Libérons-nous de l'occupation financière
  • J’agis !
  • Projet présidentiel 2012

    Un monde sans la City ni Wall-Street

    Préface

    Les autres candidats à l’élection présidentielle s’expriment comme si la météorologie politique était à peu près normale. Ils administrent un système qui meurt. Le risque est que notre avenir et celui des générations futures partent avec eux. Je monte sur la scène pour répondre au tragique de la situation. Mon projet repose sur cinq piliers qui forment ensemble cette réponse :

    1. arrêter le césarisme par une mobilisation citoyenne : mettre hors jeu les chefs d’Etat qui, à l’image du nôtre, nous conduisent aveuglément au chaos et à la guerre de tous contre tous en servant une oligarchie financière dévoyée ;
    2. nettoyer les écuries d’Augias avec le principe de la loi Glass-Steagall : tarir la source de l’oligarchie en séparant banques de dépôt et de crédit d’une part et banque d’affaires de l’autre. Renflouer les établissements financiers responsables de la crise et livrer les victimes à une austérité destructrice, comme on le fait aujourd’hui, est moralement et politiquement suicidaire ;
    3. équiper l’homme et la nature sous inspiration et contrôle publics : rétablir une économie physique au service de l’homme en substituant au système monétaire privatisé actuel un système de crédit public finançant de grands projets de développement mutuel. Refonder ainsi l’Europe en substituant une alliance des peuples pour le progrès à la banqueroute de l’euro ;
    4. investir dans la créativité humaine : le critère doit être la densité de flux d’énergie et la production par être humain et par unité de surface. Sans ce critère, c’est une politique de dépopulation forcée et de guerre totale que nous imposera l’oligarchie, par nature attachée à un monde de ressources limitées ;
    5. créer une alliance de peuples suffisamment forte pour briser le garrot de l’oligarchie : par delà un monde atlantique qui détruit lui-même sa substance, il n’est d’autre choix qu’une alliance transpacifique et eurasiatique pour mettre en pièces l’empire de la City et de Wall Street.

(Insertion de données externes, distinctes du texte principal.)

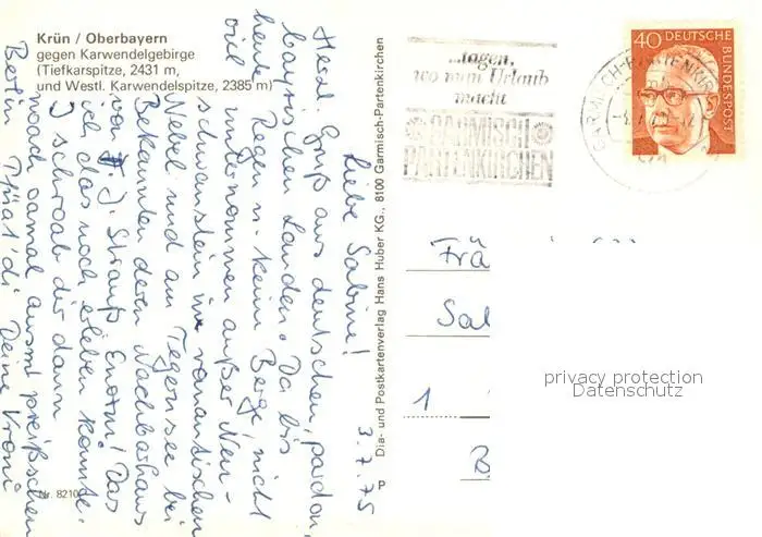 Kruen mit Tiefkarspitze und Karwendelspitze Kruen postalisch gelaufen 1975 Erhaltung siehe scans [WerneD78] WernPID7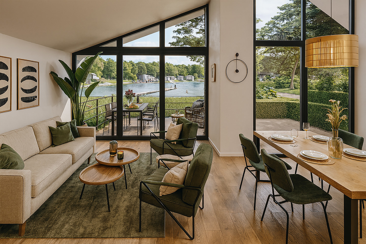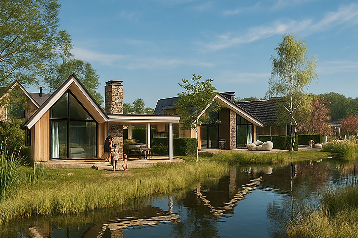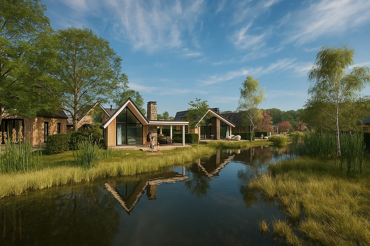 Het resort is ontworpen in samenwerking met ecologen, zodat natuur en architectuur naadloos samenkomen. Er is een natuurlijke zwemvijver en het resort grenst direct aan uitgestrekte bossen, heide en zandverstuivingen. De woningen liggen rond het water en tussen groene zichtlijnen: altijd rust, ruimte en uitzicht. Stap je deur uit en je zit zó op fiets-, MTB-, wandel- en ruiterpaden die kilometers ver doorlopen. Binnen geniet je van een licht, comfortabel interieur dat je naar wens kunt laten inrichten met interieurpakketten. Voor extra ontspanning voeg je een wellnessoptie toe: hottub, sauna, sunshower of buitendouche.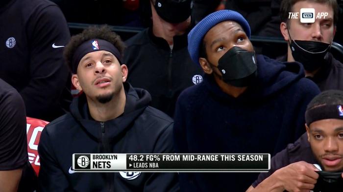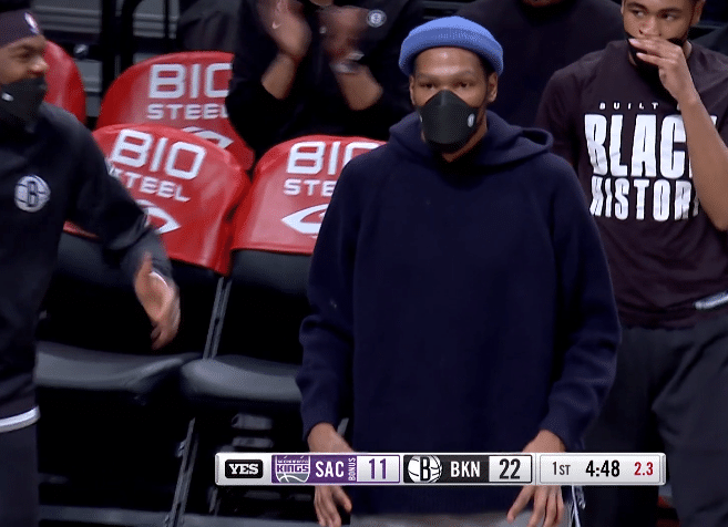 杜兰特戴着一顶蓝色针织帽,坐在场边观战,并且和小库里并肩坐在一起;今日一战,篮网第一节一度领先19分,尤其是小布朗的出色的表现,让杜兰特兴奋地坐不住,为队友激动庆祝。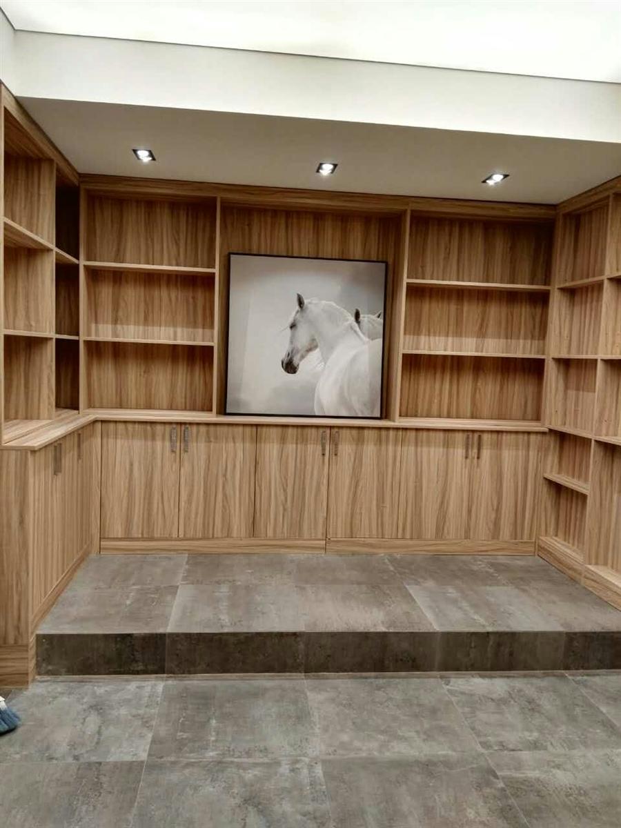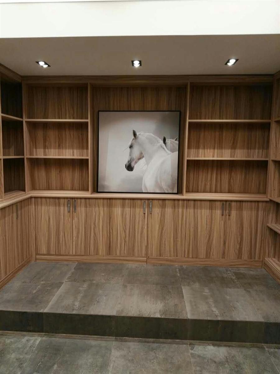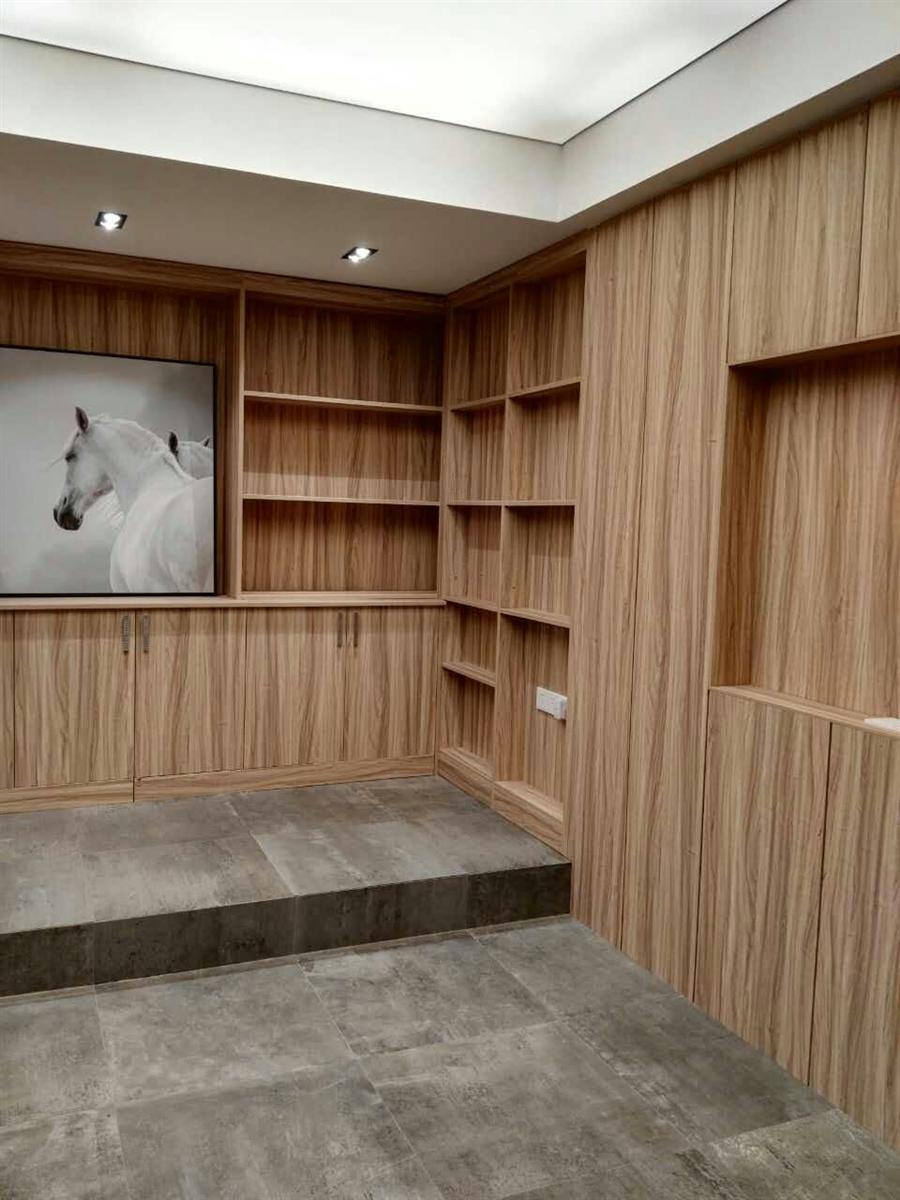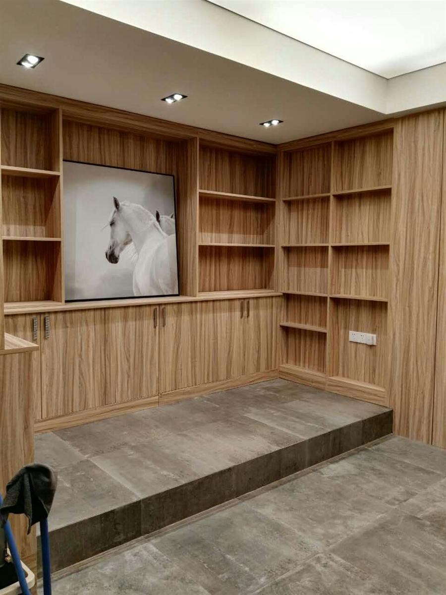分享一组安装师傅发回来的哑光UV木纹装饰柜及护墙板现场实拍图佛山吉盛唐朝木业UV装饰板材LCD5010 粘胶剂:改性三聚氰胺胶 尺寸:

    La France doit retrouver sa dimension mondiale pour jouer un rôle de catalyseur dans ce projet. Autrement, nous ne resterons que le pion d’une Union de faux monnayeurs, vouée à sa propre destruction.

    L’essentiel est là. J’ouvre par ailleurs de nombreuses pistes à explorer pour découvrir l’horizon des possibles qui s’offrira à nous si nous sortons du monde fini dans lequel on prétend enfermer notre liberté, écraser notre égalité, moquer notre fraternité et en fin de comptes, détruire notre capacité de continuer l’aventure humaine.

    Les conditions d’un conflit mondial sont en train d’être réunies à partir du Proche et Moyen-Orient dans un monde incapable de se donner les moyens d’un futur. Nous sommes à la croisée des chemins. Voici venus les temps des hommes et des femmes de caractère et de fraternité. C’est notre nature humaine de pouvoir le devenir tous dans la tempête, pourvu que nous regardions la réalité en face.